- Data entries -
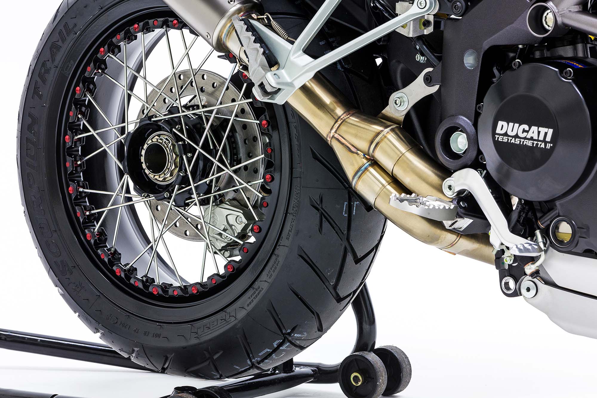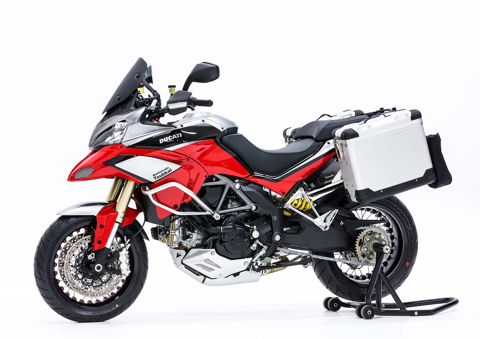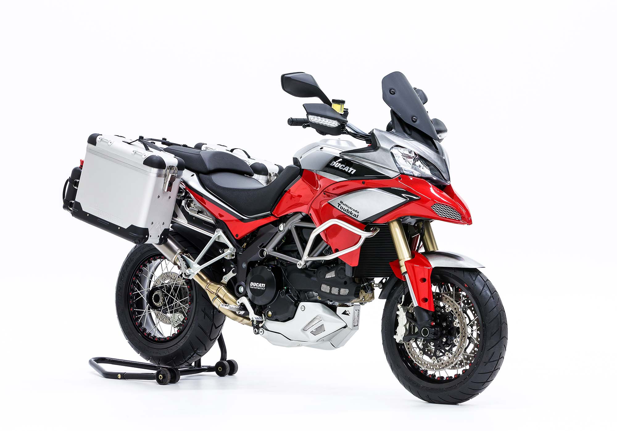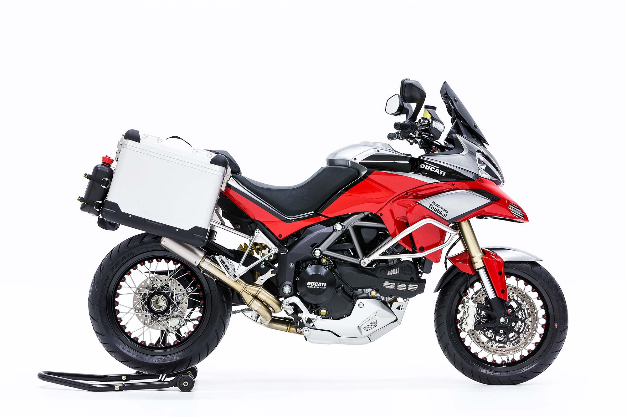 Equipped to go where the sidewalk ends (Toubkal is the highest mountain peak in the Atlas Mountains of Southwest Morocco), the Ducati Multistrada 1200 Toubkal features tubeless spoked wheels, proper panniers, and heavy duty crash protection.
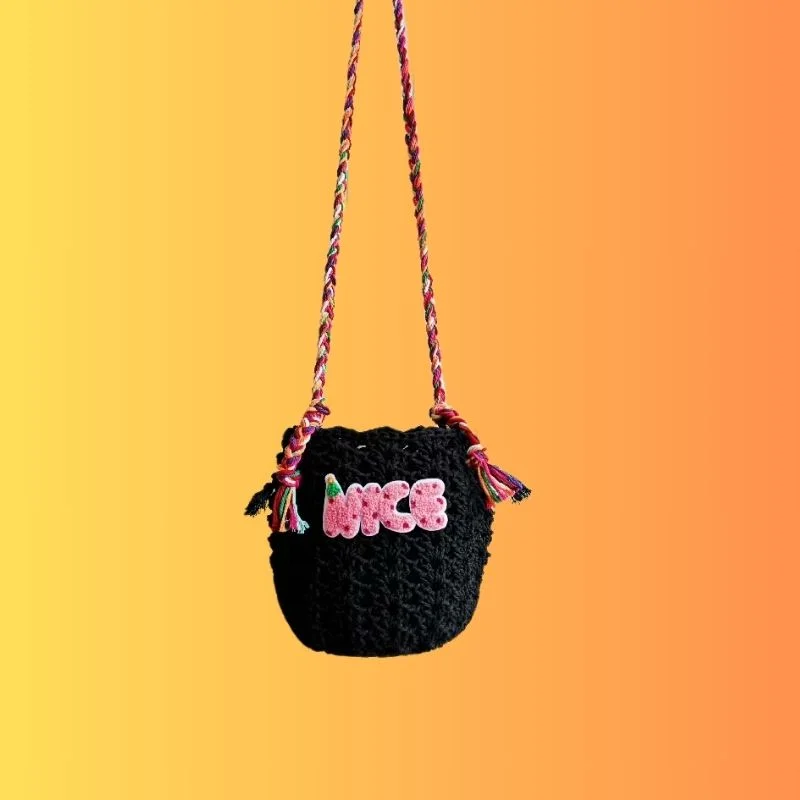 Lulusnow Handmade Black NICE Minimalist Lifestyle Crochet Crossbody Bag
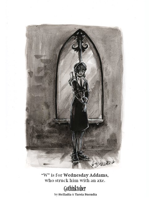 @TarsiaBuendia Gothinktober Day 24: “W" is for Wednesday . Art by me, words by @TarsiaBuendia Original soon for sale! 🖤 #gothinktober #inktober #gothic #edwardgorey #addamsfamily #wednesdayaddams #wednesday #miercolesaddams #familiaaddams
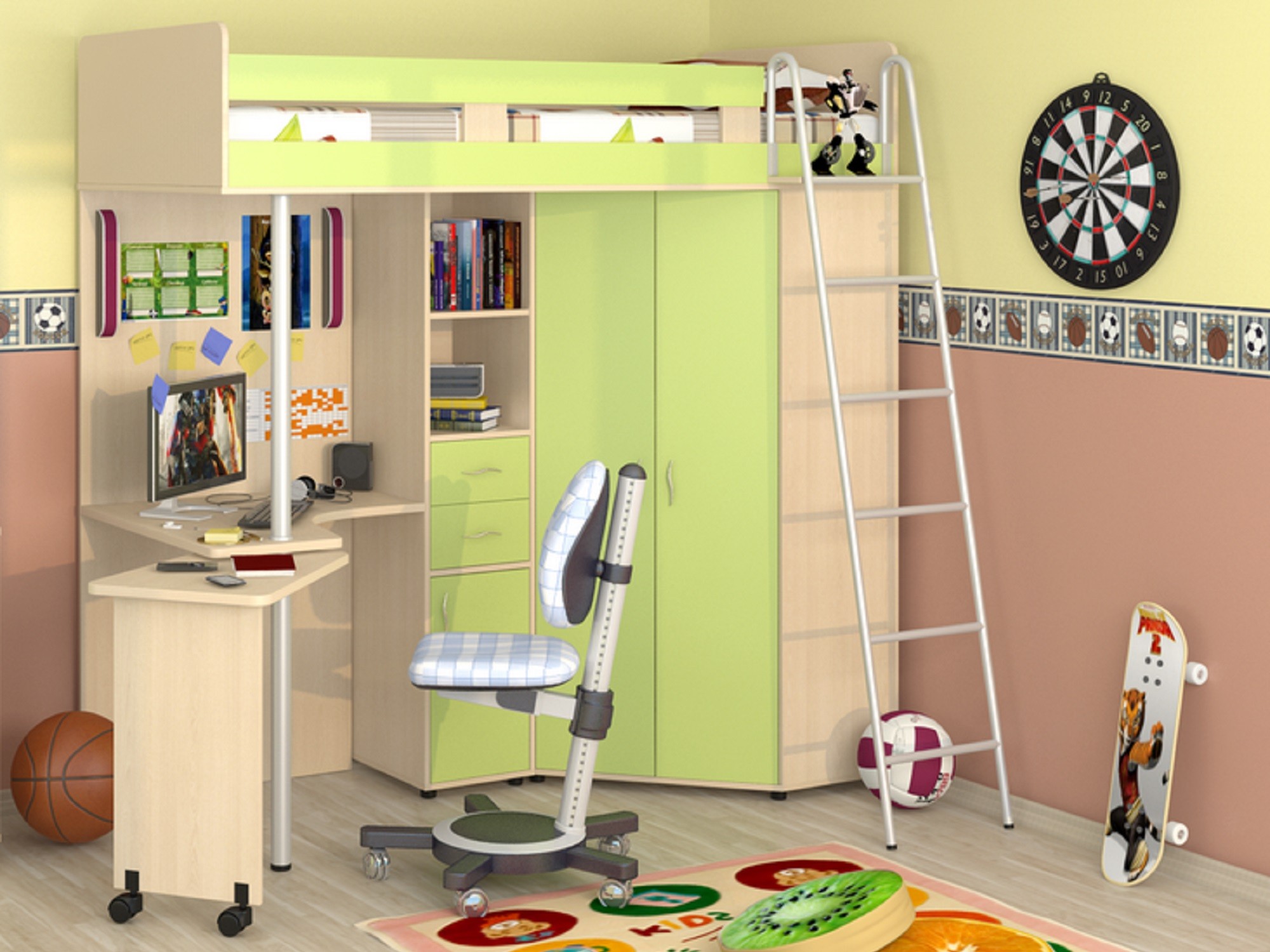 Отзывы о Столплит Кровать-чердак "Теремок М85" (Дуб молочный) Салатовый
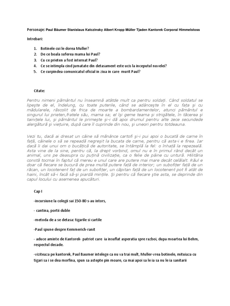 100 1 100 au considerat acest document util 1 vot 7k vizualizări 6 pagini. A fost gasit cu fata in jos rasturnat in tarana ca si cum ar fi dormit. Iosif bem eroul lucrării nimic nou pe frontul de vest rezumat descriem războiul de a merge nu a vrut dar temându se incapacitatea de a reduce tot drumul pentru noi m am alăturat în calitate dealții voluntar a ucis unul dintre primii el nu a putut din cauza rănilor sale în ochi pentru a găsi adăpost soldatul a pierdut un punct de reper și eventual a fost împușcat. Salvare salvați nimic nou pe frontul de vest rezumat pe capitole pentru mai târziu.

- Assignment -
Once the line containing "Отзывы о Столплит" is found, transcribe it and every line after it to the end of the records, exactly and with no pictures.

- Answer to the problem -
 Отзывы о Столплит Кровать-чердак "Теремок М85" (Дуб молочный) Салатовый
 100 1 100 au considerat acest document util 1 vot 7k vizualizări 6 pagini. A fost gasit cu fata in jos rasturnat in tarana ca si cum ar fi dormit. Iosif bem eroul lucrării nimic nou pe frontul de vest rezumat descriem războiul de a merge nu a vrut dar temându se incapacitatea de a reduce tot drumul pentru noi m am alăturat în calitate dealții voluntar a ucis unul dintre primii el nu a putut din cauza rănilor sale în ochi pentru a găsi adăpost soldatul a pierdut un punct de reper și eventual a fost împușcat. Salvare salvați nimic nou pe frontul de vest rezumat pe capitole pentru mai târziu.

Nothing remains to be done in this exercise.